当社の従業員Yは、始業時間よりも早く出勤して、終業時間を超えて残 業をしています。早朝は特に仕事をするわけでなく、知り合いの女性と携帯電話で話しているようで、終業時間後の残業も業務に従事することなく、漫画を読んでいるようです。
このような場合も当社は残業代を支払わないといけないのでしょうか。
(回答)
1 時間外労働とは
時間外労働とは、法定労働時間(1日8時間、1週40時間)を超える労働をいいます。
所定労働時間とは、労働契約又は就業規則において定められる始業時から終業時までの時間から休憩時間を差し引いたものをいいます。所定労働時間が法定労働時間を超えることは許されませんが、所定労働時間を超えて法定労働時間以内の場合に時間外労働手当を会社が支払わなければならないかどうかは労働契約又は就業規則の規定によります。

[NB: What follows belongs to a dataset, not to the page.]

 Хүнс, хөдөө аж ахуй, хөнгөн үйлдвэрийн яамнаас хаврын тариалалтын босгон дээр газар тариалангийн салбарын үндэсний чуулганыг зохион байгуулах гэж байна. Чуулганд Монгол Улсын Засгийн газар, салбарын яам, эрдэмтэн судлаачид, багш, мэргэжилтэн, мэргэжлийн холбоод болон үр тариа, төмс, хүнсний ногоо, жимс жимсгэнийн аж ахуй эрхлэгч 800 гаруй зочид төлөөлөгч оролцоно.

労働基準法上の労働時間とは、「労働者が使用者の指揮命令下に置かれている時間をいう」とされています(最高裁判所平成12年3月9日判決)。労働時間かどうかのポイントは、「指揮命令下にあるかどうか」ということになります。
したがって、始業前の準備や手待時間や休憩時間であっても、指揮命令下と評価されれば労働時間になります。
したがって、いわゆるダラダラ残業は、企業にとっては、作業の実績に見合わない賃金を支払わされるリスクがあることになります。
2 残業代のリスク
残業時間の計算については、企業の指揮命令にあったかどうかが訴訟で争点になることがありますが、この点については、従業員の日記やパソコンのログ履歴等により、容易に認められるリスクがあります。

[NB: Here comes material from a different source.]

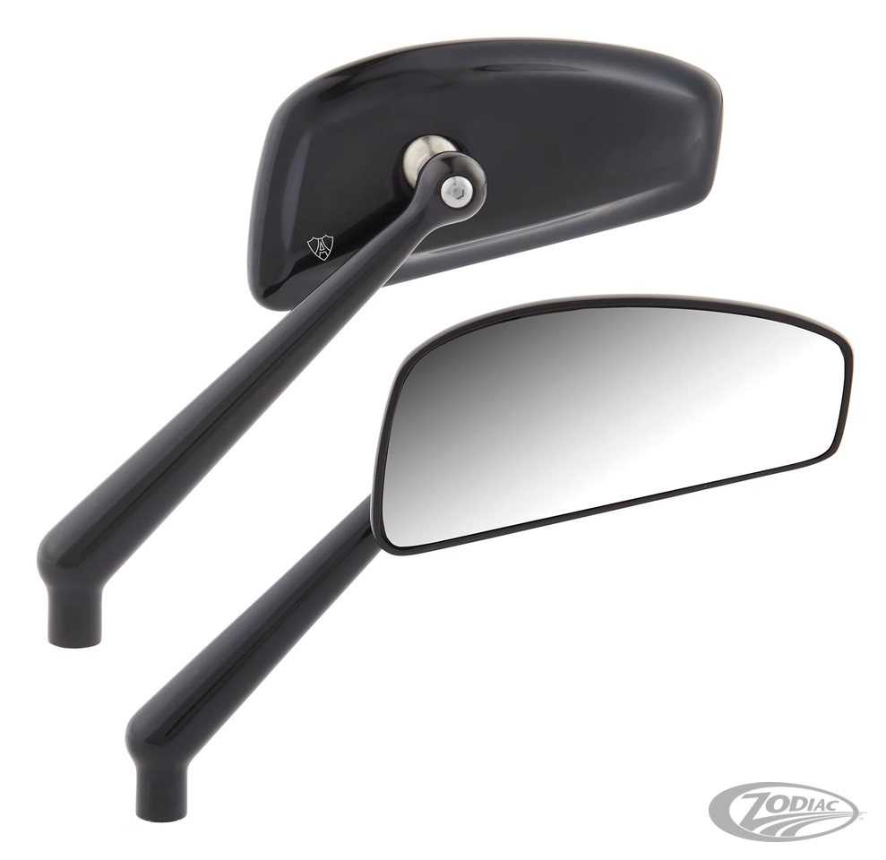 Eine neue Interpretation der klassischen Tropfenform. Die glatten Gehäuseformen und die abgewinkelte Außenform schaffen einen Spiegel, der zu jedem Stil passt. Spiegel, Kopf und Arm sind aus Billet Aluminium geschmiedet. Die Spiegel verfügen über robuste interne Drehbeschläge aus Edelstahl und werden sowohl mit SAE als auch mit metrischen Befestigungsteilen für den Einsatz auf amerikanischen und allen anderen Motorrädern geliefert.

特に、タイムカードにより労働時間管理がなされている場合は、特段の事情がない限り、タイムカードの非刻時間を基準に労働時間を推定するという裁判所の傾向があることに注意する必要があります。
未払残業代の消滅時効は2年間ですが、ケースによっては付加金も加えた金額が1,000万円近くになることもあります。仮に、数人が残業代を請求してきたら、キャッシュに余裕のない中小企業にとっては大打撃になってしまいます。
以上の次第で、未払残業代のリスクは中小企業にとっては、比較的よくあり得るリスクであり、かつ、ダメージも大きいといわざるを得ません。
3 ダラダラ残業への対策
かかるリスクを回避して、未払残業代を請求されないためには、①労働者の労働時間を正確に管理すること、②悪質なダラダラ残業に対抗して、不要な残業をさせないことが必要です。
4 回答
貴社は、Yが女性と携帯電話で話しをしていたり、漫画を読んでいた時間については、残業代の支払義務はありません。しかし、Yがそれに不服で訴訟を提起してくるリスクがあります。その場合、Yが会社内にいる以上は、貴社が、指揮命令下にないことを反証しないと、実質的に貴社の指揮命令下にあったとか、貴社がYの業務を黙認していたと認定されるリスクがあります。
以上を踏まえると、貴社は、従業員を業務時間外にむやみに会社に居残りをさせないこと、そして従業員が会社にいる時間は会社が指示した業務に完全に服するよう、確実な労務管理を行う必要があります。